- Directed by: Shamus Culhane
- Narrated by: Bernard Cowan
- Country of origin: Canada
- No. of episodes: 104

Production
- Producer: Steve Krantz
- Running time: 5.5 minutes
- Production companies: Grantray-Lawrence Animation; Al Guest Studios; Krantz Films;

Original release
- Network: ITV CBC
- Release: 1967 – 1992

= Max, the 2000-Year-Old Mouse =

1967 Canadian animated TV series

Max, the 2000-Year-Old Mouse is a 1967 Canadian animated television series produced by Steve Krantz, which originally aired on the Canadian Broadcasting Corporation in Canada in 1967 and became popular in several parts of the world, most notably the United States, where it was syndicated on both local and PBS stations between 1969 and 1979, and also the United Kingdom, where it was repeated numerous times on the ITV network between its original transmission in 1969 and its last showing to date in 1992.

==Overview==
The series was an educational show, aimed at children, in which still pictures and limited animations told stories about important figures and key events in Western history. 104 episodes were made in total, each running at five and a half minutes in length.
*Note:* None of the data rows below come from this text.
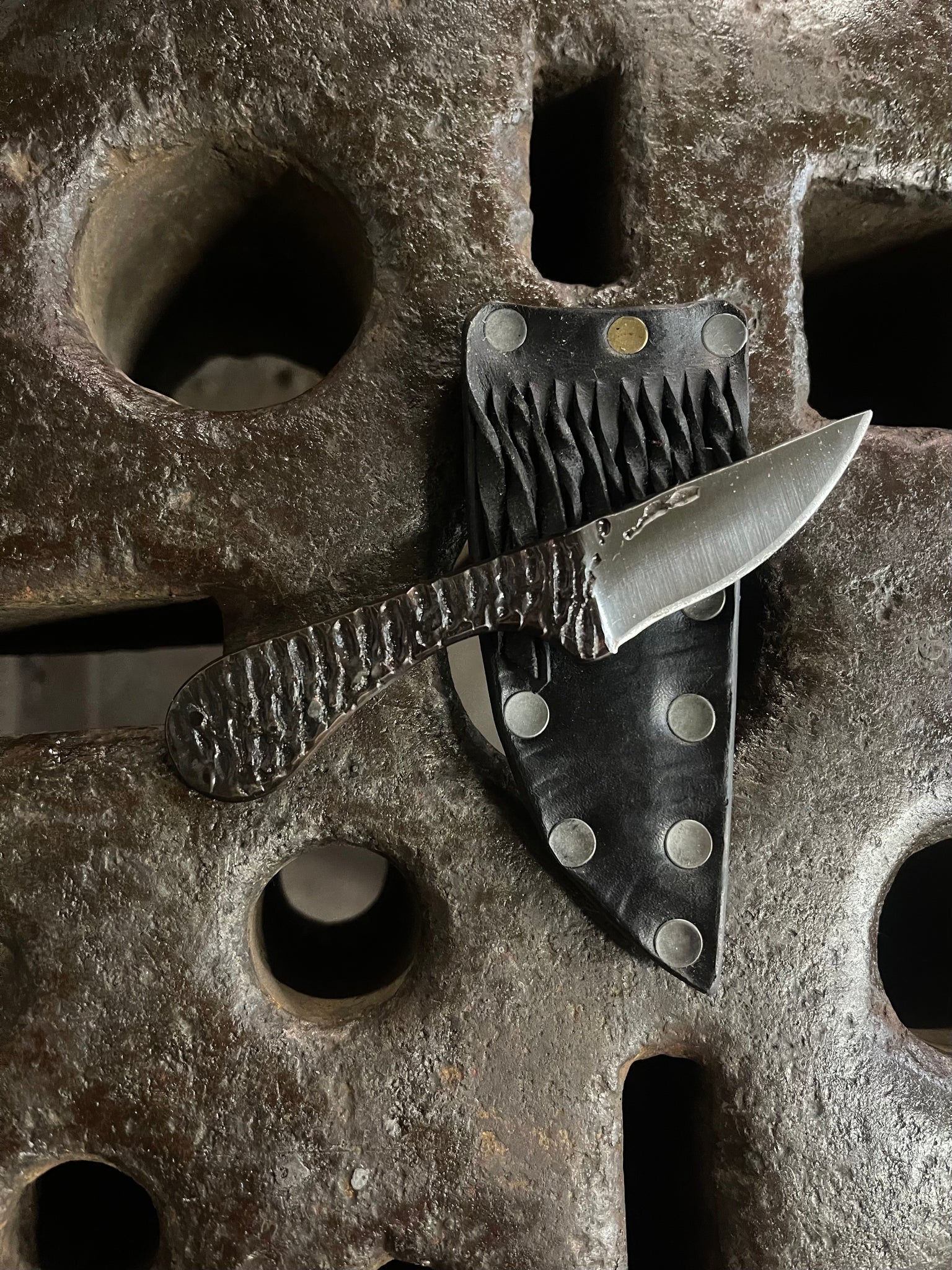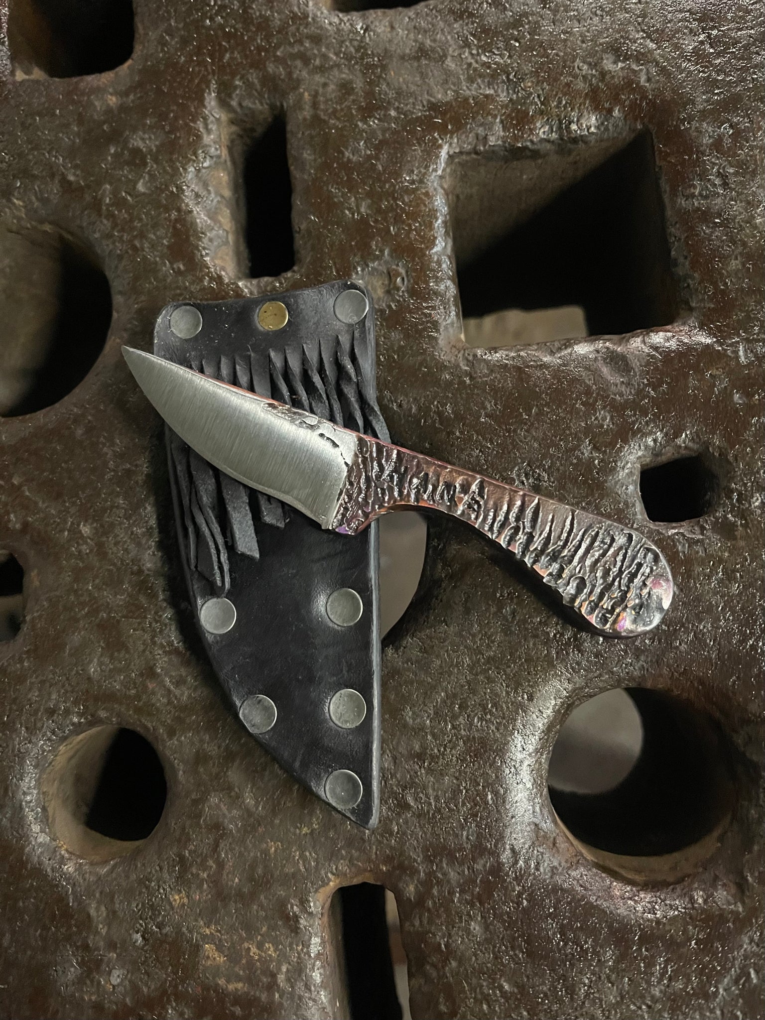Solid 80CRV2 fire textured knife! The Orc Fang is a wonderful friend. Usable in a variety of grips, it is a fantastic tool for everyday utility tasks for which you need a blade. The texture is created painstakingly with a fine tip brazing torch. It is both beautifully organic, and aids mightily in grip.
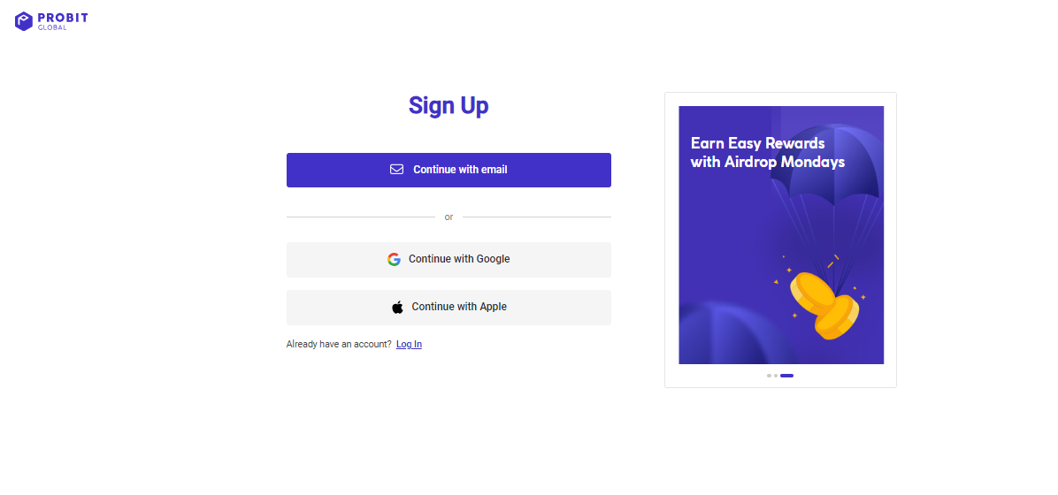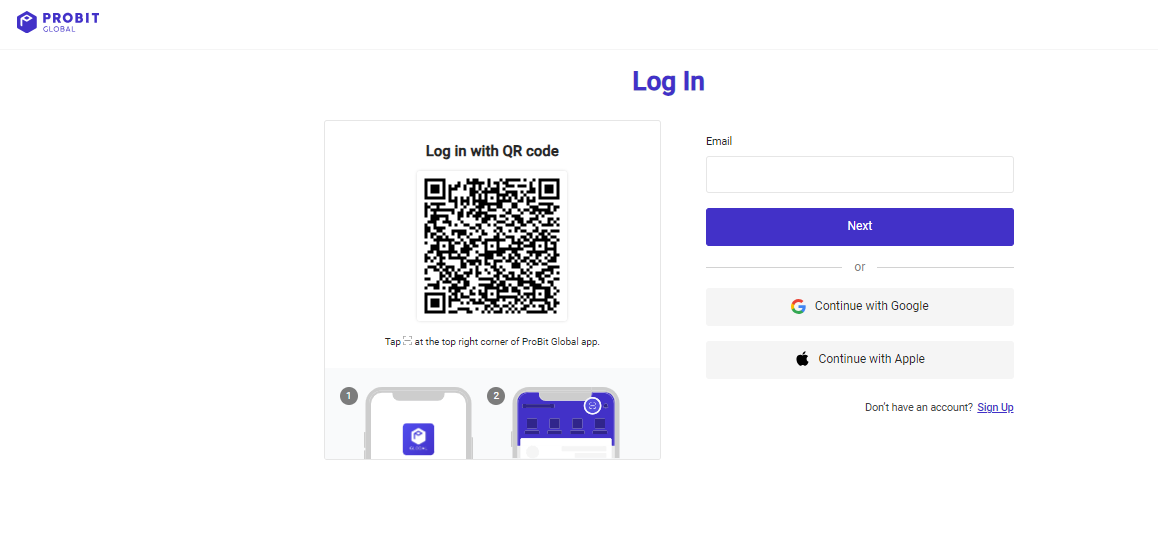 To purchase the WESP token, you need an account with Probit Exchange. You can create an account with your email address or sign up directly with your Google or Apple account.
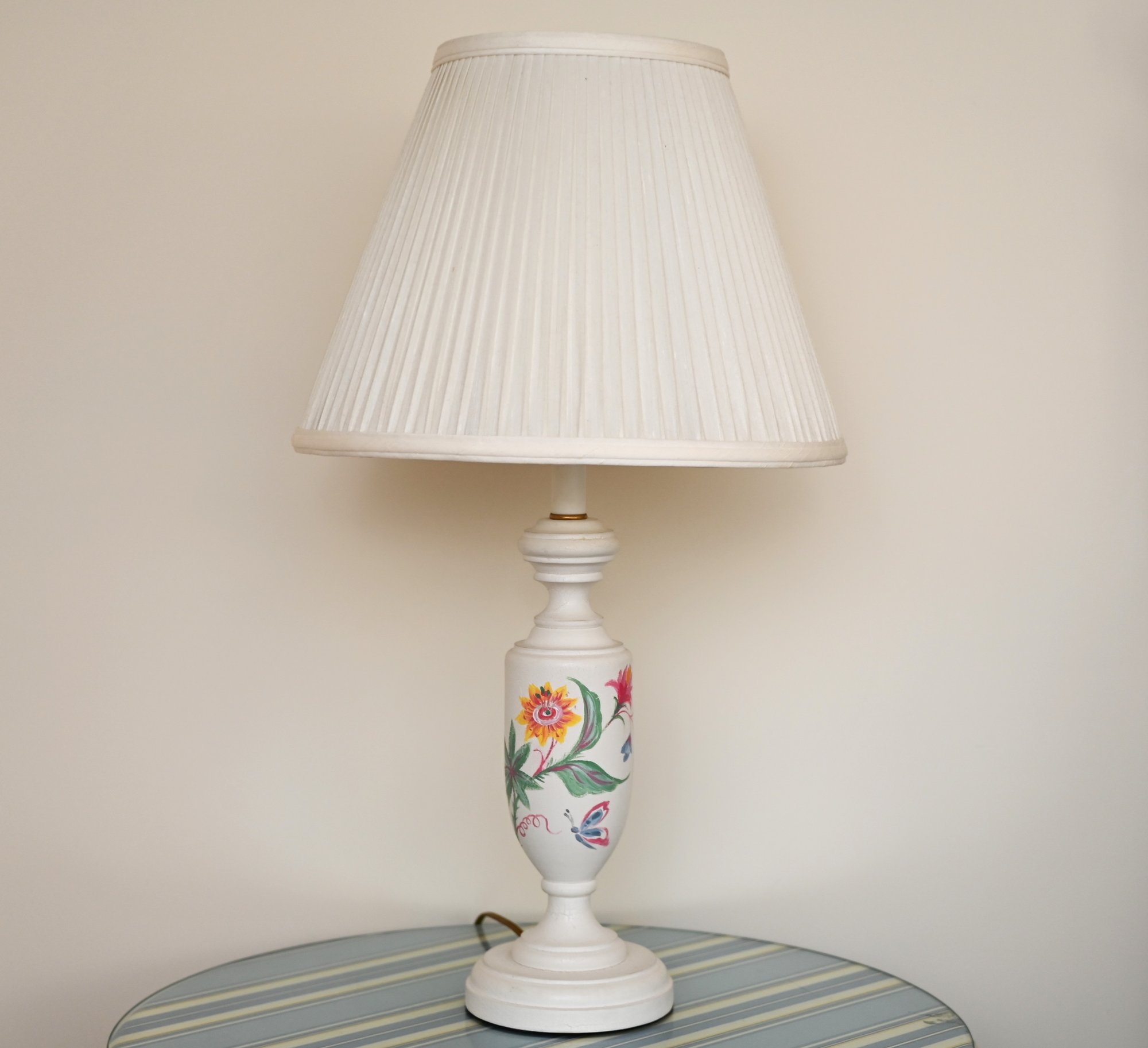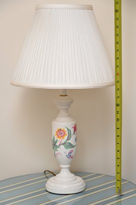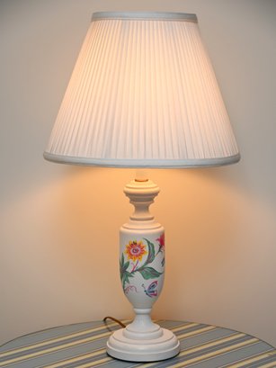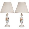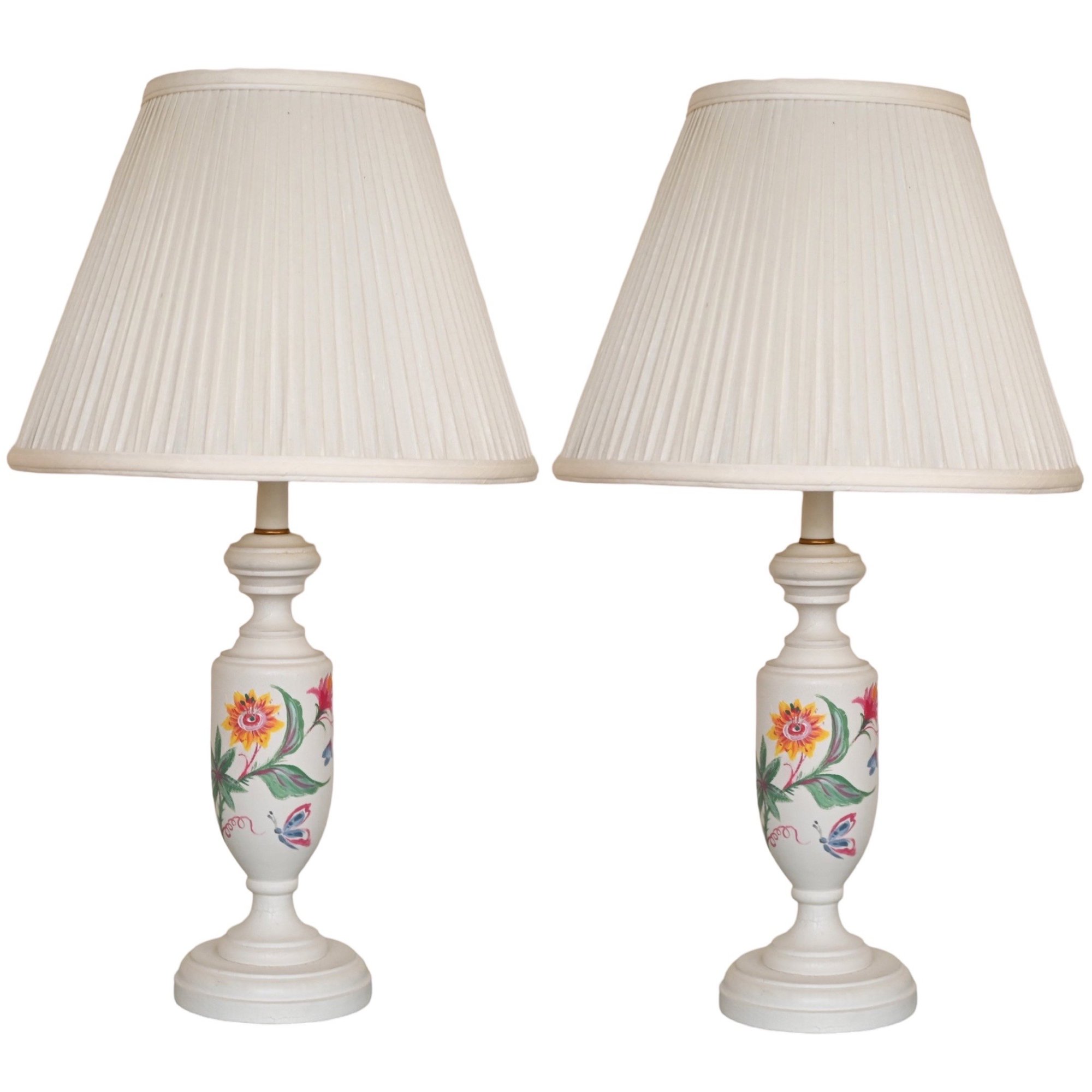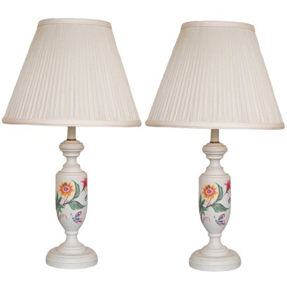 This image showcases a pair of elegant table lamps with a classic design. Each lamp features a white ceramic base adorned with hand-painted floral motifs in vibrant colors, including shades of yellow, pink, blue, and green. The bases have a traditional urn shape with a slightly tapered profile and a pedestal bottom. The lamps are topped with pleated off-white fabric shades that diffuse light softly, enhancing their vintage appeal.
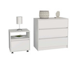The Munyoch Nightstand is equipped with casters for easy mobility and positioning.
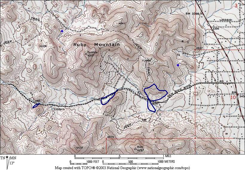 The paths we surveyed are shown in more detail below as the blue lines that originate in three different areas along the New Dixie Mine Road:
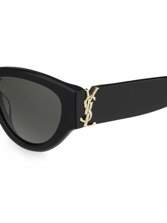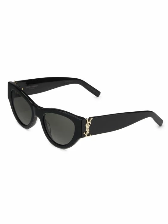From the Monogram Acetate Collection. Saint Laurent’s sunglasses flaunts a chic cat-eye silhouette. Made in Italy, this bold pair is highlighted with a YSL logo at the hinges.
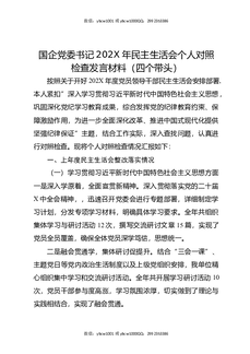 国企党委书记202X年民主生活会个人对照检查发言材料(四个带头).docx
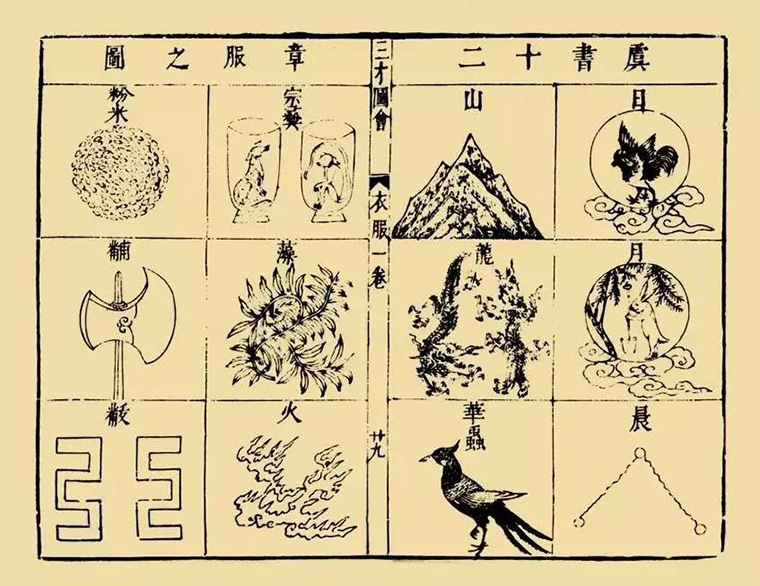 當(dāng)時(shí)袁世凱指定周樹人、許壽裳和錢稻孫三人合作設(shè)計(jì)圖樣。國(guó)徽的設(shè)計(jì)結(jié)合了傳統(tǒng)十二章圖案(帝制時(shí)代服飾等級(jí)標(biāo)志):日、月、星辰、山、龍、華蟲、宗彝(yí)、藻、火、粉米、黼(fǔ)、黻(fú),大意就是祝愿國(guó)運(yùn)昌盛長(zhǎng)長(zhǎng)久久。
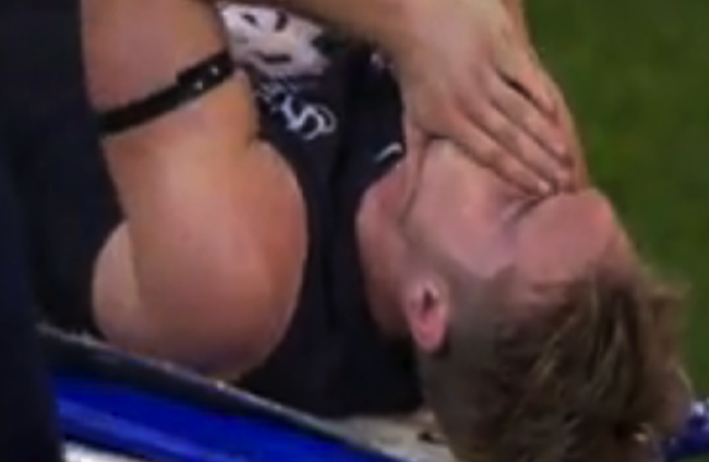 He was in pain after injuring his right knee before being tended to by Carlton medics and then stretchered off.
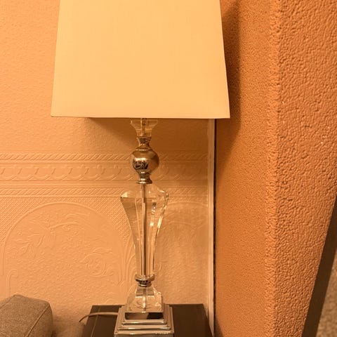 Pen liten bordlampe i glass. Nydelig lampe med mønster i glasset.
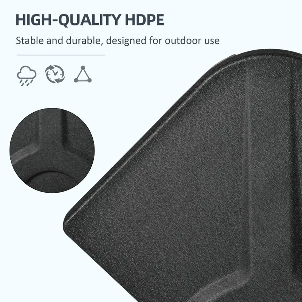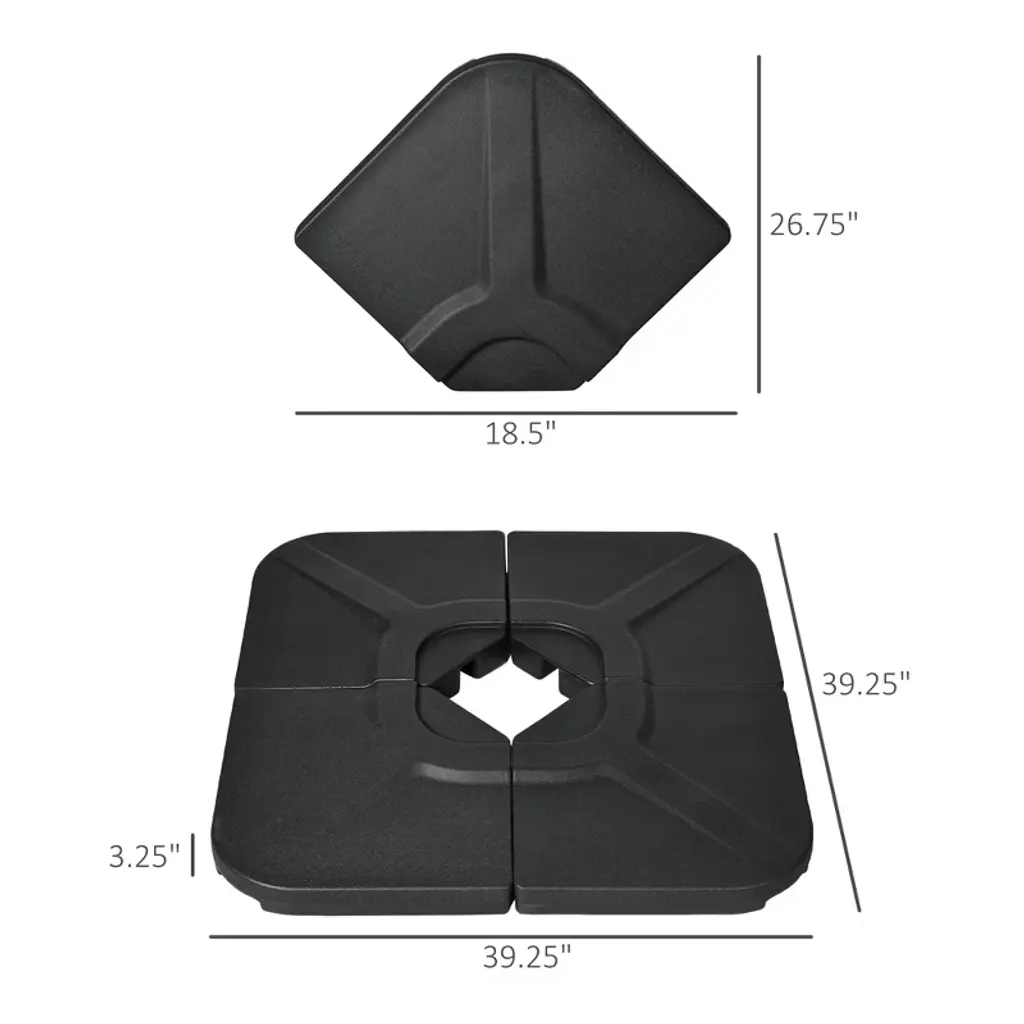 Gulches 4-piece black cantilever umbrella weights stabilize offset umbrellas, reaching 175 lbs. with sand or 130 lbs. with water. Thick HDPE ensures weather/sun resistance. Each plate has a screw cap (prevents leaks) and built-in handle; stackable for easy storage. Fits 39.25"L x4"W x2.25"H cross bases. Compatible with Outsunny X-84D-187/X-84D-085. Overall: 40"L x40"W x3.5"H. Measure first for fit.
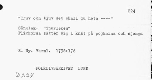 //// ^ 224 ' //// "Tjuv och tjuv det skall du heta---11 //// Sånglek. "Tjuvleken" //// Flickorna sätter sig i knät på pojkarna och sjunga //// i //// S. ITy. Verml. 1738:176 //// = //// FOLKLIVS ARKIVET LUND //// I ////
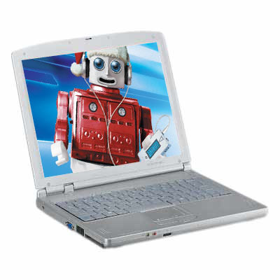 This model is compact, with Athlon 2200, 512KB, 80MB, DVD+/-R, 802-11g.
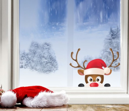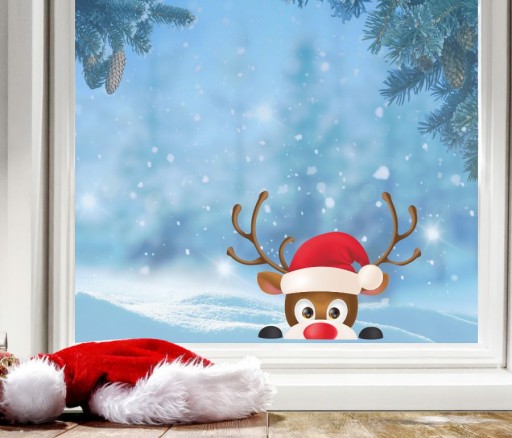 Naklejka z reniferem na ścianę szybę OKNO 65x50cm
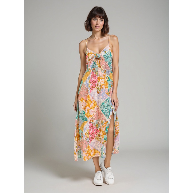 Tie Front Patchwork Floral Midi Sun Dress PINK – PINK

The episodes were filmed quickly and cheaply, and the premise of the show was simple. An episode typically begins in a room in a museum, with artifacts on display while the unseen and unnamed narrator (Bernard Cowan) introduces the era and historical person(s) to be featured. Key figures whose biographies were explored in the series included Paul Revere, Buffalo Bill, and Daniel Boone, among many others, with Max dubiously claiming to have helped all of them over the course of his very long life.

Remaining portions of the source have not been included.